Smiley face fever has quite possibly reached a tipping point.
Since Apple introduced the emoji keyboard just four short years ago, emojis have become completely embedded into every part of society. They've moved beyond popular culture and have settled into the corporate world.
Moreover, emoji expression is not only affecting the way we do business with one another but also changing the way we communicate altogether.
Human communication is evolving, and, as a result digital communications, have become shorter. A total of 72% of 18-25-years-olds surveyed in recent Talk Talk Mobile study said they found it easier to put their feelings across through emoji versus text.

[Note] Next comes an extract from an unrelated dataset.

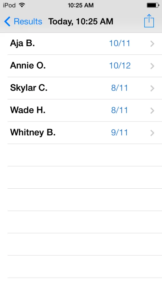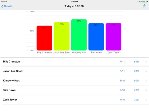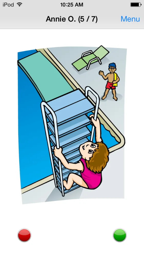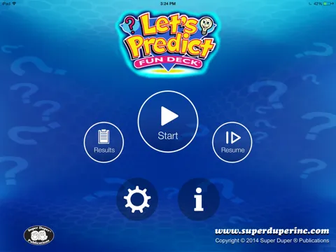 This App is simple to use — each student looks at an illustration, and either reads the prompt or touches the screen to listen to the prompt. The student then gives a verbal response. After each answer, tap the green (correct) or red (incorrect) button to score the student’s verbal response. Move to the next card by sliding the card currently on the display screen to the side. To move to the next player, tap the bar at the top of the screen and select a name. You can also advance cards and players automatically by selecting the Auto-Advance option in the Game Options menu. You can leave a game temporarily and return to it later by selecting Pause Game from the menu. To return to the game, select Continue Game from the main menu. When you finish, view the results in a graph, and print or email your data.

Another recent study determined that emoji is the fastest growing language in Great Britain and states "as a visual language emoji has already far eclipsed hieroglyphics, its ancient Egyptian precursor which took centuries to develop."
The Global Language Monitor named the emoji ideograph for Heart as the Top Word of the English Language for 2014. And just a few months ago, Instagram started allowing emojis to be hashtag-able. It is not surprising. Emoji use is pervasive. In the US, 92% of the online population uses them, with 64% using them frequently.
Who are the main users of emojis?
Popular belief says that Millennials are the primary users of emojis, but that's not the case. Age is not a differentiating factor, gender is. Women use emojis much more frequently and find them to be more enriching than men do. The impact of emojis on society has only begun to be studied and understood.